Jan
Regular
I thought this had been posted here before but I don't see it. Mira Furlan's Autobiography is now available to order and the website says that orders prior to November 22 will get something extra.
https://mirafurlan.net/select-area/
Love me more than anything in the world: stories about belonging
“Love Me More Than Anything In The World” is a book that evokes not only Mira Furlan but a whole world, like Atlantis submerged but not forgotten, with a lot of sentiment and feelings, and always uncompromising, with many tears and laughter. So far you have known Mira Furlan, an actress, and after this book you will know Mira Furlan – a person.
https://mirafurlan.net/select-area/
Love me more than anything in the world: stories about belonging
An Excerpt
Am I writing this book for you? So that you can understand what came before you?
So that you can get a glimpse into a distant, long gone world that your parents came from? Do you even want to know about it? Do you need that heavy baggage, the baggage that your mother keeps dragging through her life, without ever finding a way of putting it down, if only for a second?

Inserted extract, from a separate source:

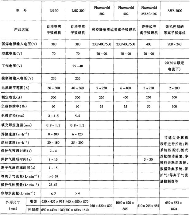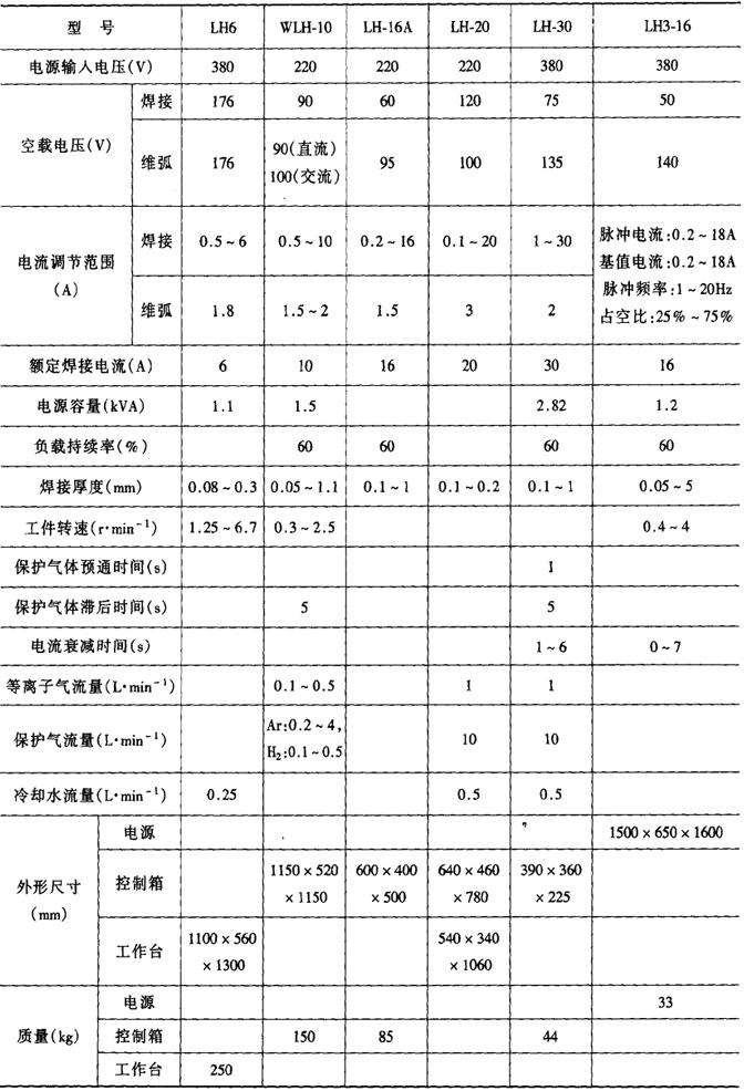 表1-7-4为几种强流等离子弧焊机的技术参数。典型的国产微束等离子弧焊机的技术参数如表1-7-5所示。

Or am I writing it for an anonymous American reader who has barely heard of me, let alone the country of my birth? Am I writing it as a warning? Am I trying to say: “I told you so?” And do I want to add (without daring to say it out loud): “… but you didn’t listen?”
Or am I writing it for myself, to myself? Why? Is it to “understand myself better” by trying to detect the hidden “story” in the scattered, illogical, messy narrative of my life?
And while I’ve been trying to answer these unanswerable questions, toiling over words in a language that is not mine (although I audaciously pretend it is), something very strange has happened: you have grown up. Not only that: America has become a different country, a country ominously similar to the place we once left in horror and despair. There is no doubt anymore that the forces that chased us out of our own homes have won a global victory. We fought those forces once. Now we feel tired. We are exhausted by repetition.
And, strangely enough, this book is becoming a different book. It is no longer a book of memories of a distant place and a distant time. It is becoming something very different: a plea to America and the world.